POEM
ABOUT WATER
i get it. your body is blah blah blah percent
water. oceans levitate, clouds urinate on the ground that grows our food. this is
considered a miracle – this is a problem of language. i could go on for days
with facts about the ocean and it will always sound like i’m talking about
love. i could say: no man has ever seen its deepest trenches, we know less
about its floor than the stars, if you could go deep enough all your softest
organs will be forced out of your mouth. you can be swallowed alive and no one
will hear a sound. last summer three boys drowned in the sound and no one
remembers their names, they came up white and soft as plastic grocery bags. i guess
you could call that love. you’d be wrong.
The
first I’ve seen by Bay Area writer, editor and educator sam sax is the poetry collection
bury it (Middletown CT: Wesleyan
University Press, 2018), winner of the 2017 James Laughlin Award from the
Academy of American Poets, and a follow-up from his debut, Madness (Penguin Books/National Poetry Series, 2017). sax’s writing
is both casual and visceral, accomplishing a taut precision alongside a
comfortable looseness, with a blend of stark straightforwardness that can’t
help but lyric across its own unique melody. “it’s not that we’re all born /
genderless, though we are.” he writes, to open the poem “ULTRASOUND,”
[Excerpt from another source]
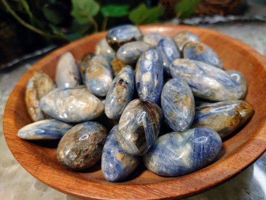 Blue Kyanite and Clear Quartz Tumbled Stones from Brazil - Select Your Size / Polished Pebble / for Crystal Healing & Grids / Meditation

continuing: “rather, once we were all small / women inside our mothers. /
something about science / & sex organs & hormones / & god.”
As
the back cover writes: “sam sax’s bury it
begins with poems written in response to the spate of highly publicized
suicides of young gay men in the summer of 2010.” bury it, as this suggests, works to acknowledge and name those
losses, while composing poems that celebrate life as much as meditate on death,
grief and incredible loss. “i’m interested in death rituals.” he writes, to
open the poem “BURY.” “maybe that’s a weird thing to say. / when i say
interested i mean, / i’ve compiled a list.”
& just like that the first boy i ever
kissed is dead / dress lifted
off a mannequin to reveal nothing / man who
becomes only
the space he’s left / a puncture wound in the
upholstery
of my youth / i’ve arranged his pictures around
my bathroom
sink & shaved my face in the dark / trying
to make his shape
appear / as it was then / now in my mirror /
first boy
i wanted who wanted me back / taught i was
worth
such a simple thought as hunger / that lust
could be a word
used to describe my own saturnine skin / what
is dead
can never rise from bread / what is owed can
never be repaid
/ instead this debt / i’m too small to shoulder
/ maybe this
is my hand’s inheritance / to hold / my grief /
a pair of gloves
i reach into space / trace the ghost waistband
/ hear
his voice gasp out from the dark (“KADDISH”)
There
is such a fascinating combination of rawness and pure craft to these poems,
comparable to the work of Toronto poet Marcus McCann for sharpness and raw
punch, or the work of Ottawa poet Shane Rhodes for writing both directly and
elliptically around sex, death, queerness and politics. As sax responded last year, as part of an interview conducted by J. Mae Barizo and posted at The Rumpus:
I come from a long line of white queer Jewish
writers who do a lot of work avoiding writing about the parts of their
identities where they hold power. So it feels important to me to be intentional
about all my various identities, to write honestly about whiteness and
queerness and gender and class and mental health and addiction and Judaism at
once, recognizing that I’m bringing all that to the page whether I address it
or not; to try to historically and politically situate myself within my poems.